What Most Women With Diabetes Never Get Told

What Most Women With Diabetes Never Get Told

Pregnancy Planning Support Is Nearly Absent

The data on prepregnancy and fertility counseling was particularly striking. Women with diabetes received this type of care at low and inconsistent rates across the studies — in some studies, the rate was as low as 1 percent. Prepregnancy counseling for women with diabetes is medically significant because blood sugar control before and during pregnancy directly affects fetal development and pregnancy outcomes. Marilyn Tan, MD, an endocrinologist at Stanford Health Care, noted that taking proactive steps before conception is important for both prenatal and postpartum outcomes in women with diabetes. Despite this, the data suggest most women are not receiving that guidance in any systematic way.

STI Screening: A Research Gap on Top of a Care Gap

Researchers also found that no studies in their review compared sexually transmitted infection screening rates between women with and without diabetes. This absence is notable for two reasons. First, it suggests a potential area of unexamined care disparity. Second, it highlights a gap in the research itself — the field simply hasn’t gathered enough data to understand whether women with diabetes are also missing out on this category of care. The study authors specifically flagged this as an area needing future investigation. It’s a reminder that the gaps identified in this analysis may represent only part of the full picture of preventive care disparities for this population.
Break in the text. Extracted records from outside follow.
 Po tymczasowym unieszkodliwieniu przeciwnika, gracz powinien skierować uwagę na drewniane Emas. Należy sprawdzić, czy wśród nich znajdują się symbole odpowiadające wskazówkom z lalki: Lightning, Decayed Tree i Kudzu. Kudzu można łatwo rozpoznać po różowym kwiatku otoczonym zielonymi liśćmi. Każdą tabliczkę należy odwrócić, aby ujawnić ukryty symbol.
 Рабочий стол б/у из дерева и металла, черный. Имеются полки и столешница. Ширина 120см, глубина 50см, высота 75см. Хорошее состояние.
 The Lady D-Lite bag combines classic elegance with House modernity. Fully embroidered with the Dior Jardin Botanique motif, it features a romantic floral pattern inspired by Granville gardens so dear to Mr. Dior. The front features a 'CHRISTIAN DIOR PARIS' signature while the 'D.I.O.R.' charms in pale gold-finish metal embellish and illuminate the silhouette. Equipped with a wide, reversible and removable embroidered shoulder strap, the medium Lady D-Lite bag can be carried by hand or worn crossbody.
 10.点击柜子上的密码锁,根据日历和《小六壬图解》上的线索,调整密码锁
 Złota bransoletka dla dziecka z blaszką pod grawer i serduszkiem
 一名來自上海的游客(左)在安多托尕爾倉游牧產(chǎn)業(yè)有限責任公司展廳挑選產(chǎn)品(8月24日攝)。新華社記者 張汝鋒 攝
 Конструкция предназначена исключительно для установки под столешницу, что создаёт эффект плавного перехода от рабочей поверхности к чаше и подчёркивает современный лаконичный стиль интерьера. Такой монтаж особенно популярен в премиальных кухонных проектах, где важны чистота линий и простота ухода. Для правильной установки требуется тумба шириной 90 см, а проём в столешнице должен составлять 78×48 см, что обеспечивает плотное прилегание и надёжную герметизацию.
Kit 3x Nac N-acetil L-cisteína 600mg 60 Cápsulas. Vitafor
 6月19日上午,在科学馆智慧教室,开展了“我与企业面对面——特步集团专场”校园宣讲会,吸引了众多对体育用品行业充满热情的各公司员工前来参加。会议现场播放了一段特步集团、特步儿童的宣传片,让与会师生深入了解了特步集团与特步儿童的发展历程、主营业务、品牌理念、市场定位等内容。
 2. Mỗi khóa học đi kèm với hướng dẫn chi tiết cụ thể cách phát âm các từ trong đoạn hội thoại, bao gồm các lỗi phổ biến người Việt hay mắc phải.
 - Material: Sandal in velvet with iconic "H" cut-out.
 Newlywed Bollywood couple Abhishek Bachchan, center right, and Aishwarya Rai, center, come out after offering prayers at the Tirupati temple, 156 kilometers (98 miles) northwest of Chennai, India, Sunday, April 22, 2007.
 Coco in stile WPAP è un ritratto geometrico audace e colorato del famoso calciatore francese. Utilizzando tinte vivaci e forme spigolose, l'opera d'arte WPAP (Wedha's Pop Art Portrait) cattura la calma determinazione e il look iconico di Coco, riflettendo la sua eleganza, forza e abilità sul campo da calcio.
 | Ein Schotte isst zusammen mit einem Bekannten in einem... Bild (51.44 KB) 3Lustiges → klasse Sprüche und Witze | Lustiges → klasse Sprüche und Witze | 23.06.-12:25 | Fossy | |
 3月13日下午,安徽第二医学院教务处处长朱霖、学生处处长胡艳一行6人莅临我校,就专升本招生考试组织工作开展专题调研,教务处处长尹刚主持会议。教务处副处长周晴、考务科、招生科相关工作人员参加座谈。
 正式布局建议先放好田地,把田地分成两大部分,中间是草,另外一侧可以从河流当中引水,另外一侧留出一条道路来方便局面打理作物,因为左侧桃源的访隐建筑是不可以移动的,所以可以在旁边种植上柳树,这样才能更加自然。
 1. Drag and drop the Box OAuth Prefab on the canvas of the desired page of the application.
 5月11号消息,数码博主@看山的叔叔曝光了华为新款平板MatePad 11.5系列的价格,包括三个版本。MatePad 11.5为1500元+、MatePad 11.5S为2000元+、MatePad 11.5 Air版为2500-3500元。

Why More Doctor Visits Don’t Close the Gap

One of the more counterintuitive aspects of the findings is that women with diabetes tend to have more contact with the healthcare system than the average person — yet they’re still missing preventive services. Neha Narula, MD, a clinical assistant professor and primary care doctor at the Stanford University School of Medicine, noted that what stood out most was precisely this paradox: more frequent healthcare interactions, but still falling short across multiple areas of preventive care. This suggests the issue isn’t simply about access to doctors in a general sense. Something structural within those healthcare encounters is causing these services to be overlooked, even when a patient is already engaged with the medical system.

How the Fragmented System Plays a Role

Experts point to the structure of the U.S. healthcare system as a contributing factor. Care coordination between specialists and primary care providers is inconsistent, and there’s often no designated person responsible for making sure all recommended preventive services are being tracked. When a patient’s medical care is primarily focused on managing a chronic condition like diabetes, other health maintenance tasks can fall through the cracks — not because anyone intends to neglect them, but because no one is explicitly tracking them. Wisk described it directly: if one provider is focused on diabetes, someone else needs to be ensuring preventive care is happening, and that coordination doesn’t always occur in practice.